Terminated with an error exit status 127 #78

Closed Siddra2021 closed 1 year ago

Siddra2021 commented 1 year ago

Describe the bug Testing Phoenix install using the following command

nextflow run ~/phoenix/main.nf -profile test, docker -entry PHOENIX --kraken2db ~/phoenix/assets/databases

Impact

It ends with the following error: Caused by: Process PHOENIX:PHOENIX_EXTERNAL:AMRFINDERPLUS_UPDATE (update) terminated with an error exit status (127) Please see the screenshot

To Reproduce local linux environment

Phoenix version 1.0.0 nextflow run ~/phoenix/main.nf -profile test, docker -entry PHOENIX --kraken2db ~/phoenix/assets/databases Using the files provided with the installation directions

Expected behavior The pipeline should run successfully

Screenshots Attached

jvhagey commented 1 year ago

@Siddra2021 remember to crop your screenshots to not show the user@computer line and block out the full paths. To issues I see with the run command are that you need to remove the space between "test" and "docker" so it needs to be -profile test,docker NOT -profile test, docker. Next make sure you have the trailing / at the end of the --kraken2db argument so it should be --kraken2db ~/phoenix/assets/databases/

Siddra2021 commented 1 year ago

Thank you for your prompt response. Fixed the issues in command line and now have the following error. Please see the screenshot. Screenshot (14)
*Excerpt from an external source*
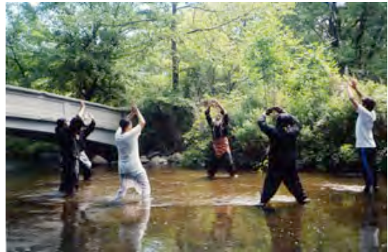
Latihan di sungai di Ann Arbor.

jvhagey commented 1 year ago

@Siddra2021 unfortunately this is also a memory issue with docker and not the phoenix pipeline itself (google docker exit code 137). My first guess here is that the container is using more memory that is available so it gets killed. By default, Docker containers use the available memory in the host machine. You can prevent a single container from abusing the host resources, by setting memory limits per container. I am not sure how your docker is set up (desktop on PC or CLI?), but you are going to have to work with your IT to get your docker configured to keep the containers from using up all the memory. For kraken you need 10GB of memory and you can point your IT to the file linked to see specific memory requirements for each step.

Siddra2021 commented 1 year ago

Thanks for the feedback. I am using docker desktop and have allocated 15 GB to docker. Any advice on limiting the containers to use all the memory?

Siddra2021 commented 1 year ago

I have 24 GB total memory and allocated 15 GB, swap 6 and put the container limit to 1G. Now it is terminating with the error. I do not think it is permission issue as I am able to see some of the folders created after this application is terminated. Can you please advise. Thanks. Screenshot (15)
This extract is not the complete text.